Answers and Comments

  • EditDeleteModerator Answer

    This latter part of this thread is a good place to start to learn about the applicability of ink jet inks

    We will try to reach out to others specifically about the use of UVS varnishes.

    Brian Baade
    2019-06-17 12:09:32
  • EditDeleteModerator Answer

    While having UV inhibitors is extremely useful, adding them in a varnish raises some questions, for me, like what is in the varnish, in terms of solvents, surfactants, and additives, and how might these components affect the print? If the UV inhibitor is provided by a glazing sheet, the protection can be afforded, without adding anything to the print, itself, which keeps options open for the future, with the same level of protection.

    Hugh Phibbs

    2019-06-17 14:44:51
  • EditDeleteModerator Answer

    As a general rule, UV-protective varnishes and glazing can only protract but not prevent the fading of fugitive colorants and fading will still depend largely on light exposure. MSA Varnish has very good aging characteristics and two coats of MSA Varnish provides noticeable UV-protection. Since it is a solvent-born system it requires and contains no surfactants or other additives.  Nonetheless, choosing lightfast pigment based inks and suitable substrates will be crucial for your purpose.

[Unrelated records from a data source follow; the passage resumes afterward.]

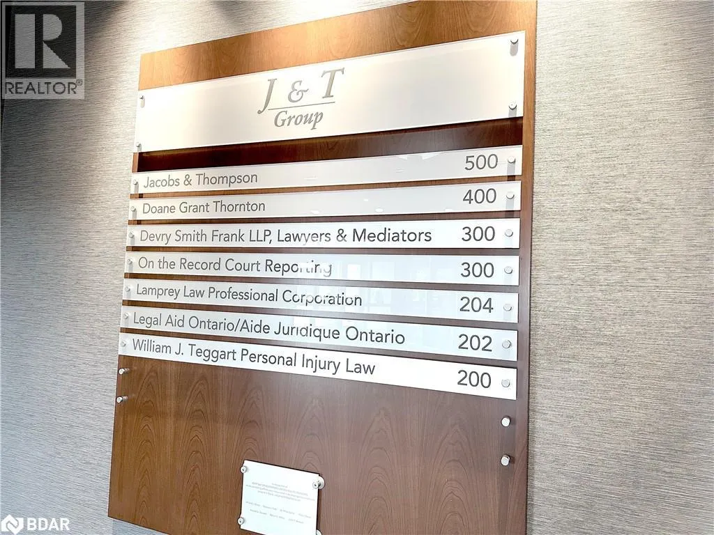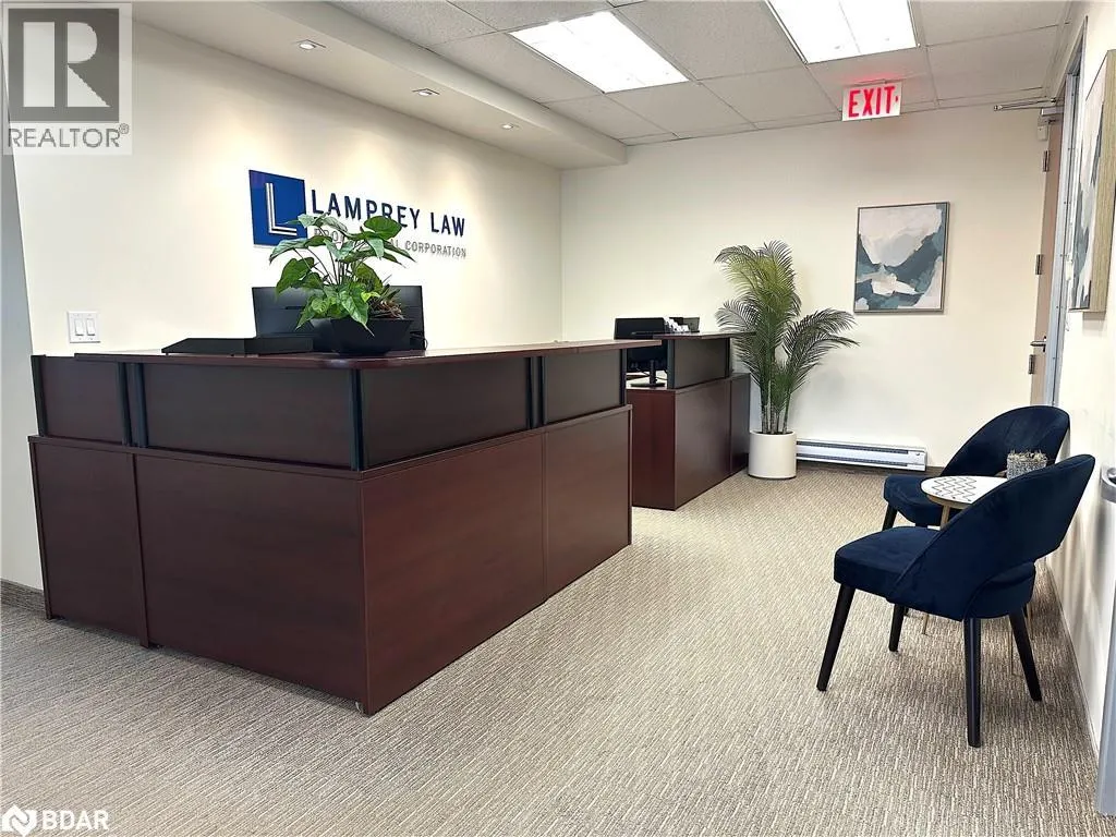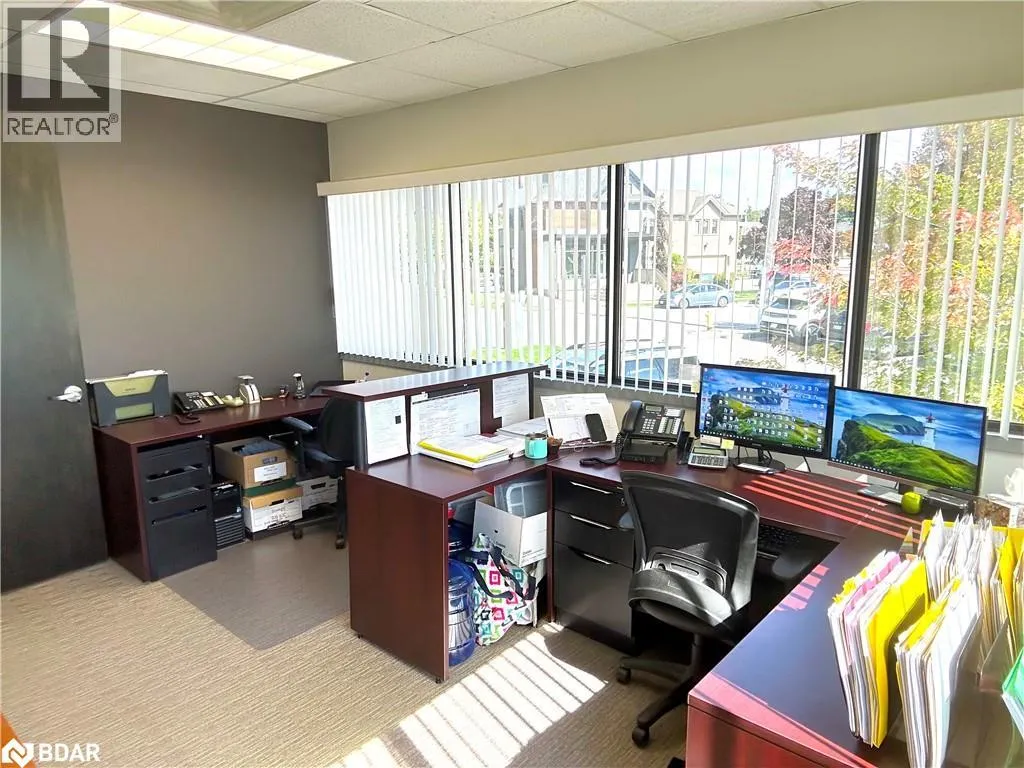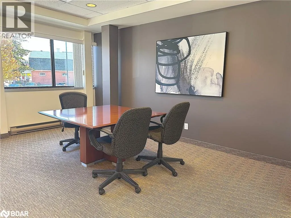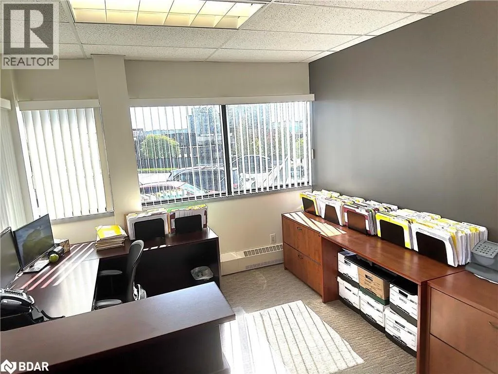 HWY 400 to Bayfield, south to Property located on the east side. Professional A-class office building with easy access to Hwy 400 and downtown Barrie. Just minutesâ walk to banks, the courthouse, City Hall, and a variety of restaurants and amenities. Currently configured with a reception/waiting area, boardroom, four private offices, kitchenette, and a multi-purpose open area. Features plenty of windows and natural light, elevator access, key fob entry throughout the building, and common area washrooms. Rent includes common area cleaning and maintenance, six parking spaces, and utilities. A great short-term opportunity while you transition to your next location â or negotiate for a longer term. (id:27476)
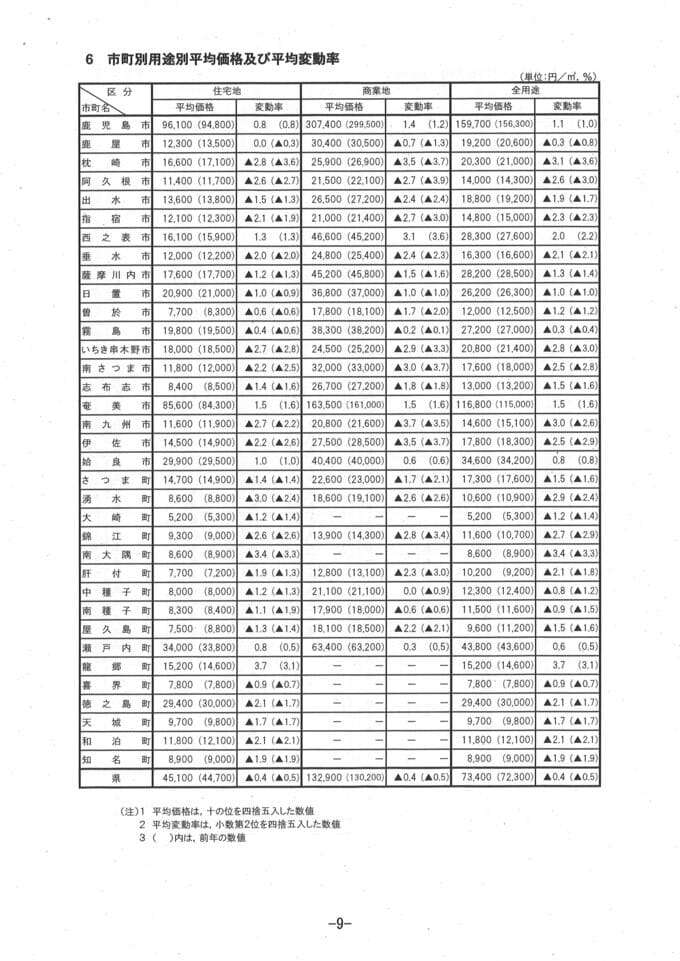 【公示地価2026】鹿児島県内の公示地価一覧 全地点掲載【令和8年地価公示】3月発表最新データ 南日本放送 2026年3月18日(水) 00:01 国内 鹿児島県内全市町村の住宅地、商業地、全用途の平均価格と平均変動率は画像で掲載 鹿児島市の住宅地の平均価格は96,100円、商業地の平均価格は307,400円、全用途は159,700円でした。 そのほかの市町村のデータは画像で掲載しています。
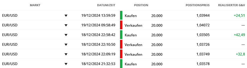 The FED meeting on 12/18 brought increased volatility and we use this for our scalping strategy for the micro accounts. We did 3 trades (2 sell and 1 buy trade) with a total performance of 2.7% or EUR 99.80.
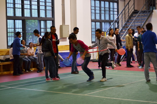 参加此次趣味运动会的有研一、研二、博一的同学,参赛队员分成六支队伍,每支队伍八名成员,在安光所研会副主席陈小威简单介绍完游戏规则和游戏项目之后,活动就开始了。首先是“两人三足跑”,随着裁判员一声哨响,比赛正式开始,只见同学们一边手挽手保持平衡,一边喊着口号加快步伐向终点奔去。经过第一轮的比赛,活动气氛逐渐热烈起来。接着是妙趣横生的“螃蟹背西瓜”比赛,每支队伍的两名队员背靠背站立,背部夹一个篮球,手里面还要拿两只气球侧着身子往前跑,形式虽然简单,但是想以最快的速度跑到终点还是很有难度的,现场欢笑声和加油声此起彼伏。比赛在“抛绣球”的活动中推向高潮了,每支队伍选出六名代表,一人拿着小筐在五米开外等着队员们往里面抛球,最有难度的是队员们要背着抛,更考验了队员之间的默契,给活动增加了难度,同时也带来了不少欢笑。之后进行的“托球跑”和“两人前后跑”比赛,再次把现场的气氛调动起来,啦啦队员们则是加油鼓劲,鼓掌欢呼,每个人都尽情享受其中。
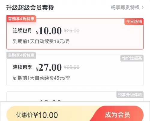 会员的价格的话就是10元/月(连续包月),27元/季(连续包月),108元/年(连续包月),18元/月,50元/季,198元/年。当然连续包月是更加划算的,但是连续包月有的时候会忘记。
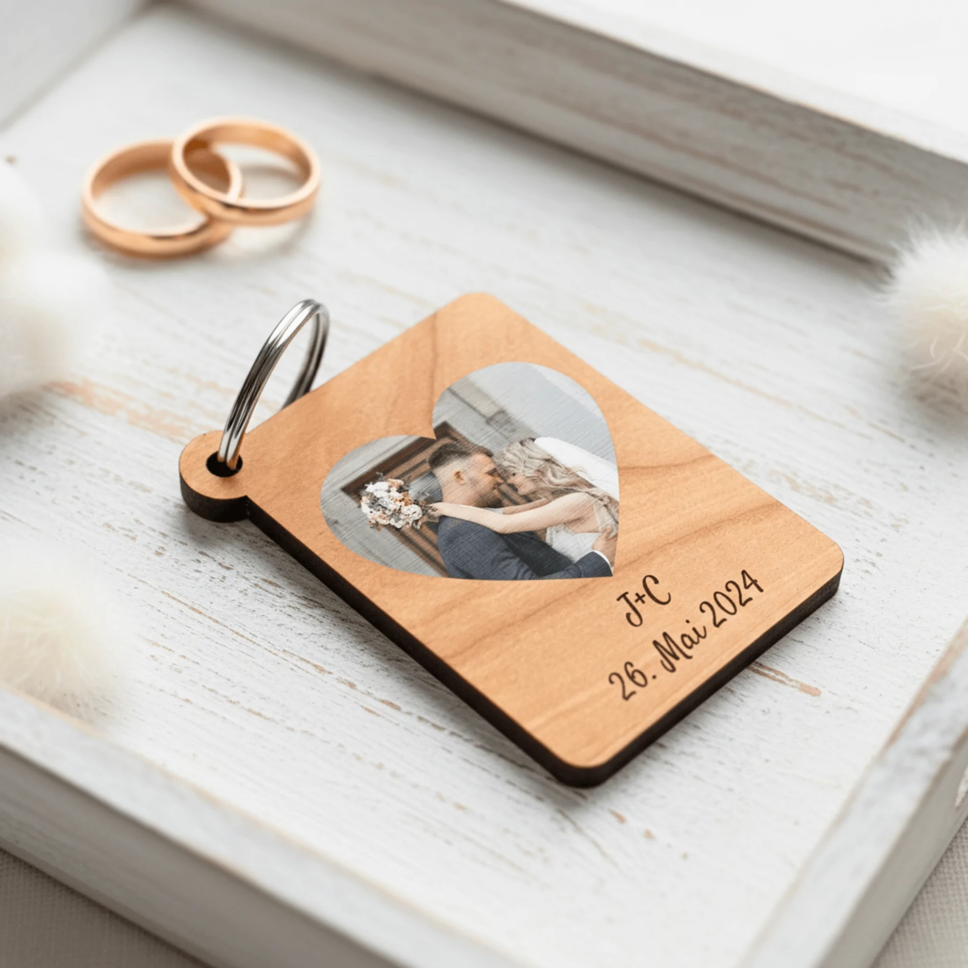 Ob das Lächeln eines geliebten Menschen, ein besonderer Moment oder ein Ort voller Erinnerungen – mit diesem personalisierten Holz-Schlüsselanhänger trägst du deine schönsten Augenblicke immer ganz nah bei dir. Ein kleiner Glücksbringer, der dich täglich begleitet und an das Wesentliche erinnert.
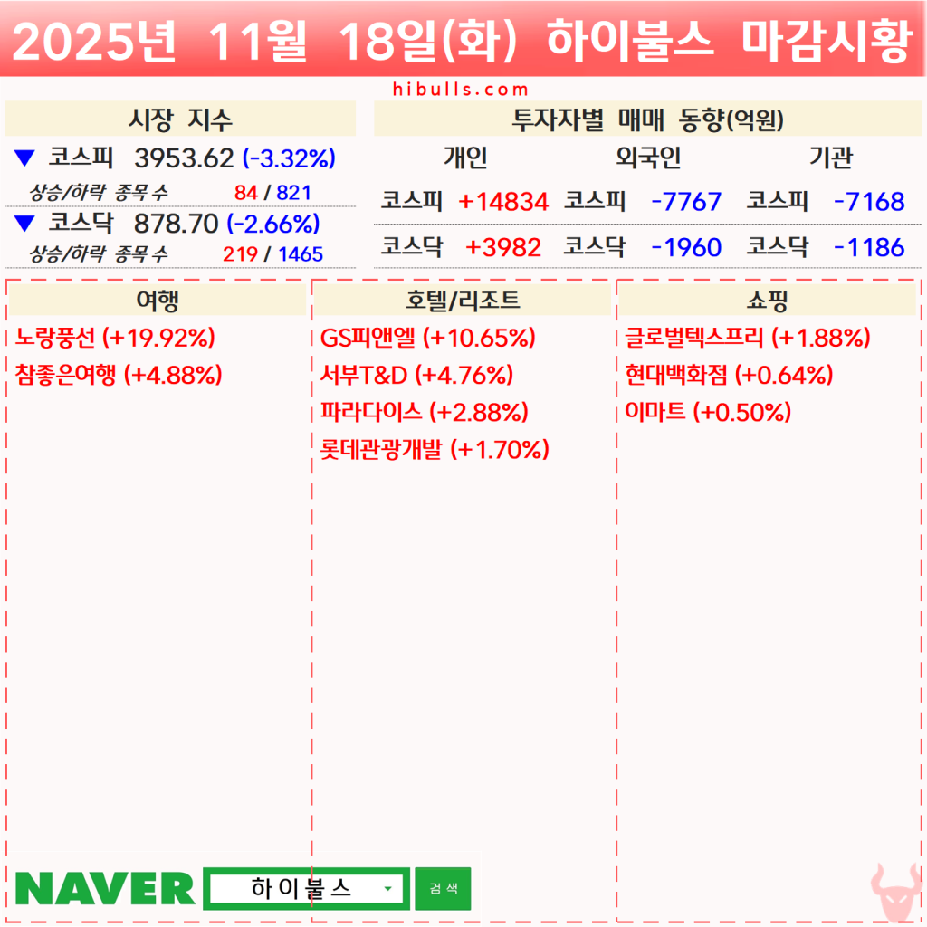 [11.18] 증시 마감시황 및 오늘의 특징주

    It is correct that varnishes can change the aesthetic of prints permanently, especially if on paper. Solvent based varnishes tend to sink into papers (particularly soft sized ones) quite readily, making them change in value, chroma, or increase transparency. Thus, preliminary testing is essential. So far, we know of no adverse effects of UV-light stabilizers in varnishes and they have been in conservation for 30 years. Still, some in-depth research into the stability of hindered amine light stabilizer and ultraviolet absorbers in dried varnish films might be interesting.